Changing the default configurations location

You can change the default location of the tool configurations if required. You may want to do this if you are working with a multi-product environment where you want to manage configurations in a single location for ease of use. Note that this is optional .

To change the default configurations location for the embedded tool, do the following:

  1. Open the forgetme.sh file found inside the <SI_HOME>/bin directory.

  2. The location path is the value given after -d within the following line. Modify the value after -d to change the location.

    Info

    The default location path is $CARBON_HOME/repository/components/tools/forget-me/conf.

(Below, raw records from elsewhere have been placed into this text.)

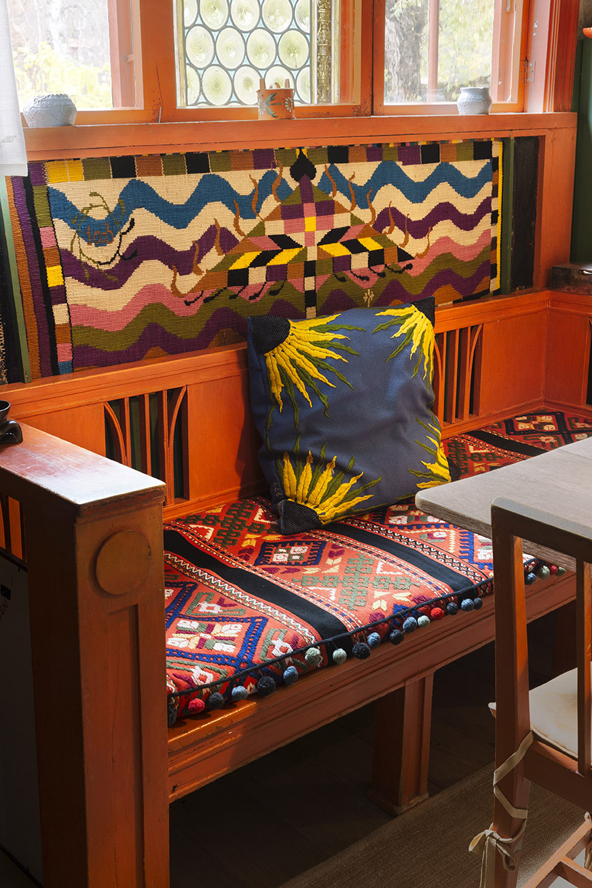 Around the turn of the century in 1900, Karin Larsson (1859-1928) developed a colorful and modern artistry that a hundred years later still fascinates. Karin’s contributions to the prevailing art movements like Art Nouveau, the Arts and Crafts style, and regional folk techniques, are distinguished by her boldness, simplicity, and taste for abstraction. Karin was not afraid to try new techniques as she embroidered, weaved, knitted, and crocheted, often mixed with non-European influences such as Japonism. She also sewed clothes and weaved tapestry.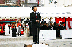 午前9時半から金沢区の新春消防の集いに総務大臣政務官としてお招きいただきました。ご配慮に感謝すると共にこれからの消防の重要性について、本日中国北京に旅立った麻生総務大臣からお預かりしたメッセージを私からご披露しました。今年は国民保護法にのっとり有事の対応なども消防団の皆さんにお願いしなければなりません。地元における活発な活動がその新たな体制作りに大きな影響を与えることになると思います。消防団の活動は昼夜を問わず大変ご苦労の多いことで、そのご尽力に敬意を表すると共に、本日消防団活動を通じて表彰された皆様に心からお祝い申し上げます。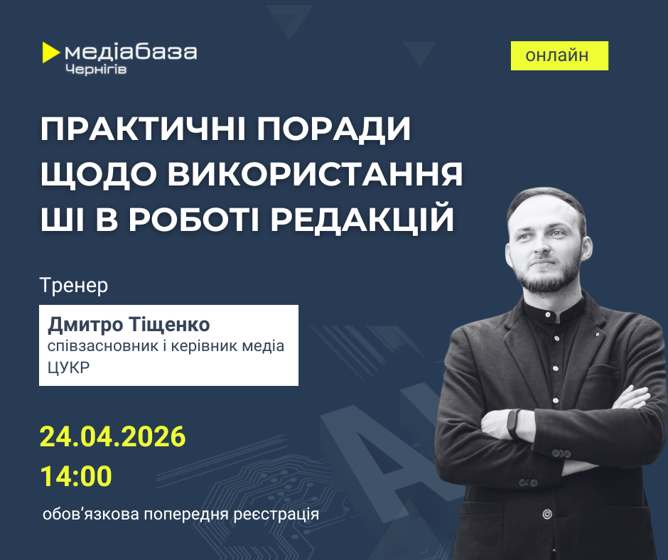 24 квітня, о 14:00, регіональний хаб Інституту масової інформації “Медіабаза Чернігів” проведе онлайн-тренінг “Практичні поради щодо використання ШІ в роботі редакцій”.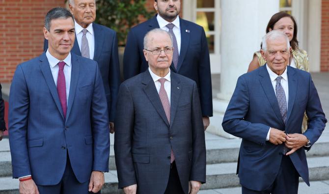 Le Premier ministre espagnol Pedro Sanchez, le Premier ministre palestinien Mohammed Mustafa et le responsable de la politique étrangère de l'Union européenne Josep Borell posent pour une photo de groupe avant une réunion sur une solution à deux États pour le conflit israélo-palestinien, au palais de La Moncloa à Madrid, le 13 septembre 2024. (Photo par Thomas COEX / AFP)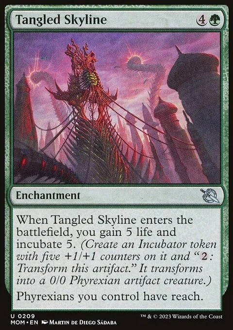 When Tangled Skyline enters the battlefield, you gain 5 life and incubate 5. (Create an Incubator token with five +1/+1 counters on it and "{2}: Transform this artifact." It transforms into a 0/0 Phyrexian artifact creature.) Phyrexians you control have reach.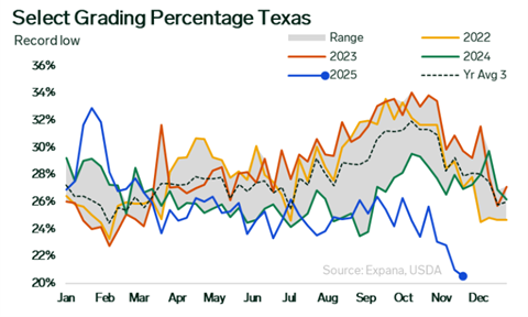 ANALYSIS: Texas 2025 Beef Quality Surges as Select Supplies Collapse to Record Lows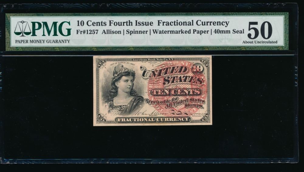 One 10 Cent Fourth Issue Fractional PMG 50.

        sh $CARBON_HOME/repository/components/tools/identity-anonymization-tool/bin/forget-me -d $CARBON_HOME/repository/components/tools/identity-anonymization-tool/conf -carbon $CARBON_HOME $@
    

Changing the default configurations of the tool

All configurations related to this tool can be found inside the <SI_HOME>/wso2/tools/identity-anonymization-tool/conf directory. The default configurations are set up as follows:

  • Read Logs: <SI_HOME>/wso2/server/logs, <SI_TOOLING_HOME>/wso2/server/logs

  • Read Datasource: <SI_HOME>/conf/server/deployment.yaml file, <SI_TOOLING_HOME>/conf/server/deployment.yaml file

  • Default datasources: WSO2_CARBON_DB, WSO2_METRICS_DB, WSO2_PERMISSIONS_DB, WSO2_DASHBOARD_DB, BUSINESS_RULES_DB, SAMPLE_DB, WSO2_STATUS_DASHBOARD_DB

  • Log file name regex: The regex patterns defined in all the files in the <SI_HOME>/wso2/tools/identity-anonymization-tool/conf/log-config directory are considered.

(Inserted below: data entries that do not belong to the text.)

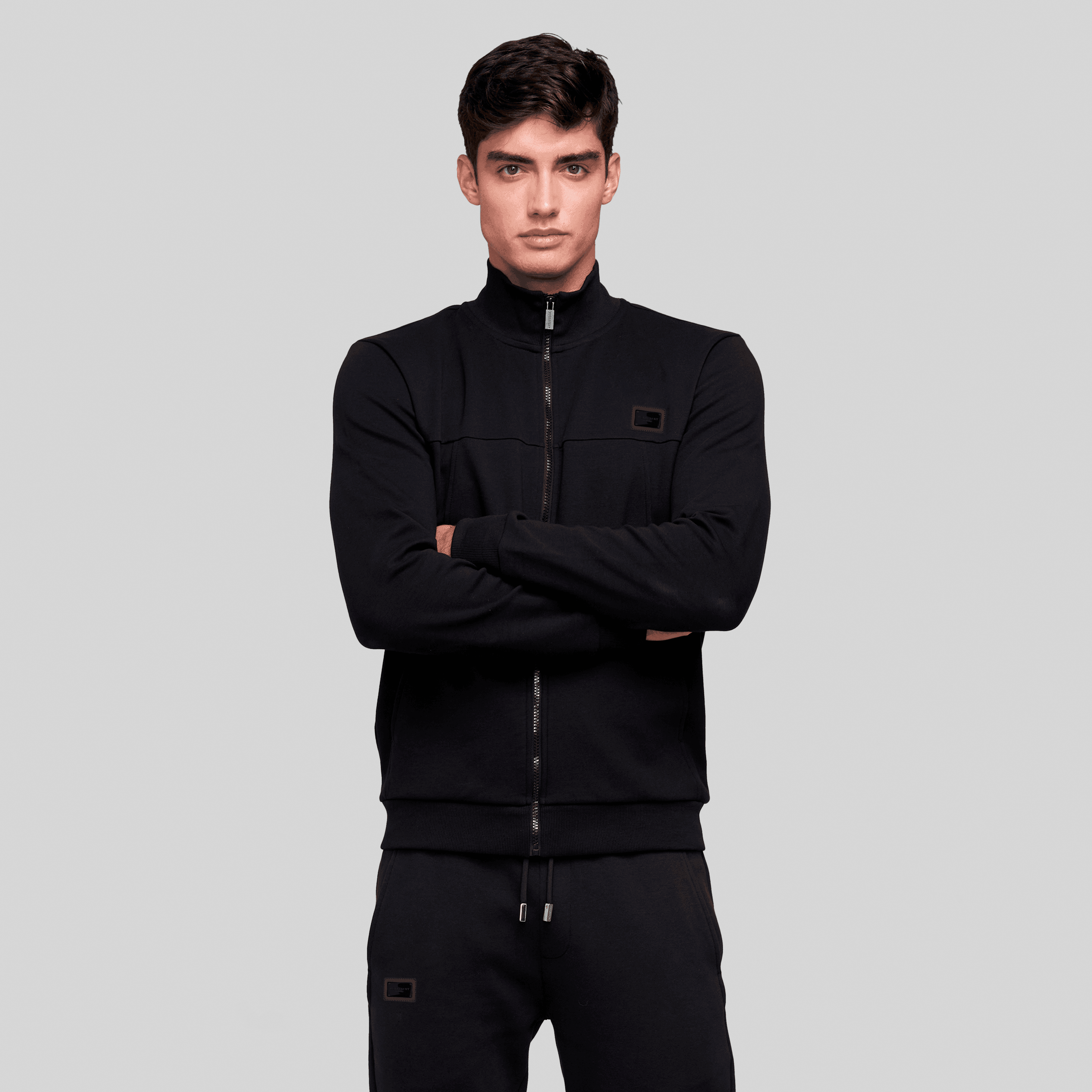 Chaqueta deportivo, producido en tejido de punto Double face. Este conjunto presenta placa metálica Monastery Couture y líneas laterales en contraste, agregando un toque distintivo a la prenda. Los puños, cuello, fajón y pretina están elaborados en rib y van en el mismo color de los artes, lo que añade un estilo único y elegante.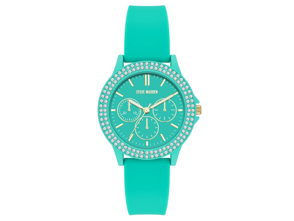 Dámske hodinky od značky Steve Madden v sebe spájajú svieže farby, mladistvý štýl a moderný trblietavý efekt. Tyrkysové prevedenie pôsobí energicky a zároveň elegantne, takže krásne rozžiari každý komplet a dodá mu výrazný módny akcent.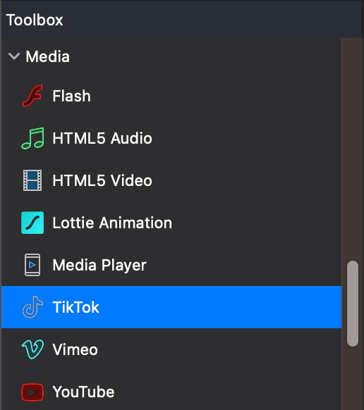 To add a TikTok video to your web page, use the TikTok widget. Simply drag the widget onto your page and enter the TikTok post ID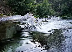 Wooley Creek is a large stream in Siskiyou County, California, a tributary of the Salmon River. Wooley Creek flows 22 miles (35 km)[1] from Man Eaten Lake[2] in the Marble Mountain Wilderness of the Klamath National Forest, in a generally southwest direction, to its confluence with the Salmon River about 4 miles (6.4 km) upstream of the Salmon's confluence with the Klamath River at Somes Bar.[3] The creek drains an isolated and rugged wilderness area – there are no paved roads and only a few permanent residents in its watershed. Lower Wooley Creek provides Class IV-V (very difficult) whitewater and is seldom run due to the lack of easy access.[4] The Wooley Creek Trail provides access along the creek into the wilderness area. It is one of the few major trails in the area suitable for year-round use due to its low elevation.[5]

For information on changing these configurations, see Configuring the config.json file in the Product Administration Guide.

Running the Forget-me tool in the standalone mode

This tool can run standalone and therefore cater to multiple products. This means that if you are using multiple WSO2 products and need to delete the user's identity from all products at once, you can do so by running the tool in standalone mode.

For information on how to build and run the Forget-Me tool, see Removing References to Deleted User Identities in WSO2 Products in the WSO2 Administration Guide.